* [Work order]
As an exercise, transcribe the data below in full and exactly, omitting pictures.

* [Provided material]
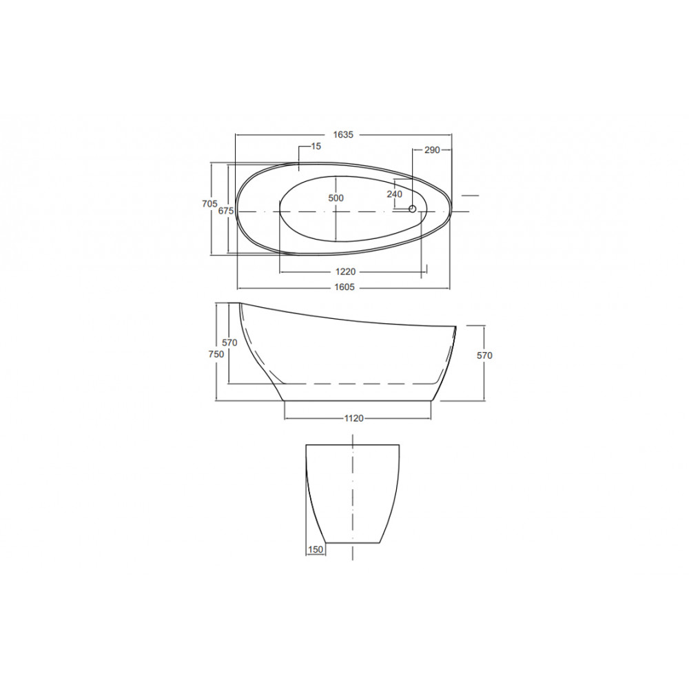 Опис Ванна KEYA 165х70 чорна зовні біла всередині з сифоном клік-клак
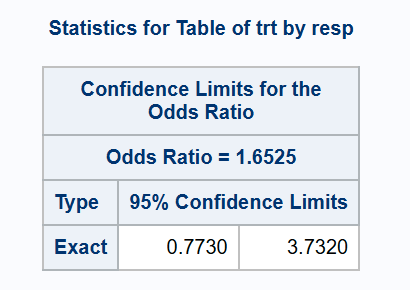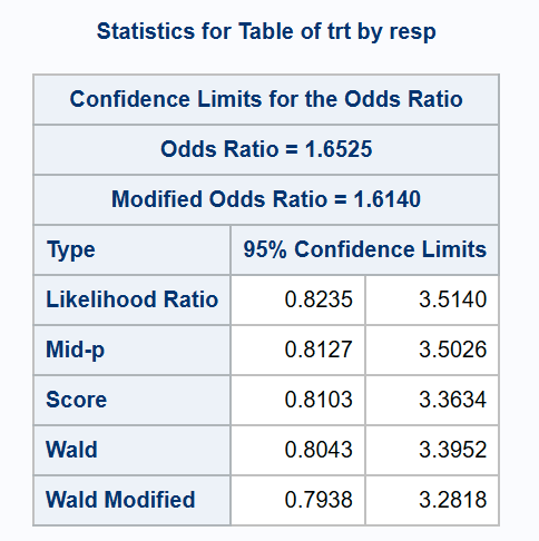 table trt*resp /or(CL=(wald waldmodified lr score midp));
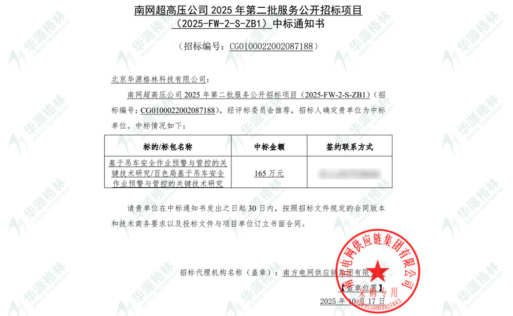 北京华源格林科技有限公司及其子公司(广州华源格林科技有限公司)凭借公司良好的信誉、行业经验、强大技术实力、完善的服务标准赢得了评标专家和招标方的肯定,于2025年10月17日顺利中标中国南方电网超高压输电公司百色局-基于吊车安全作业预警与管控的关键技术研究项目。
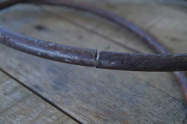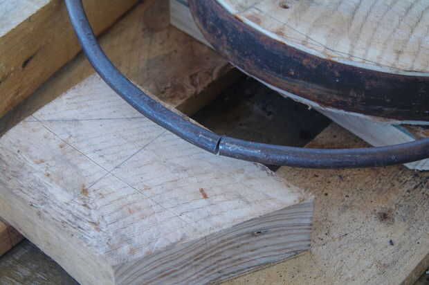 Mis barras de desecho provenían de un sitio de demolición cerca y deben haber sido oxidación allí hace unos 30 años. Fueron muy mal dobladas y tenía algunos problemas a escala moho serio también. Sin embargo, uno de ellos era un 12mm una gruesa, que pensé que sería genial para el anillo inferior.

* [Result of this task]
 Опис Ванна KEYA 165х70 чорна зовні біла всередині з сифоном клік-клак
 table trt*resp /or(CL=(wald waldmodified lr score midp));
 北京华源格林科技有限公司及其子公司(广州华源格林科技有限公司)凭借公司良好的信誉、行业经验、强大技术实力、完善的服务标准赢得了评标专家和招标方的肯定,于2025年10月17日顺利中标中国南方电网超高压输电公司百色局-基于吊车安全作业预警与管控的关键技术研究项目。
 Mis barras de desecho provenían de un sitio de demolición cerca y deben haber sido oxidación allí hace unos 30 años. Fueron muy mal dobladas y tenía algunos problemas a escala moho serio también. Sin embargo, uno de ellos era un 12mm una gruesa, que pensé que sería genial para el anillo inferior.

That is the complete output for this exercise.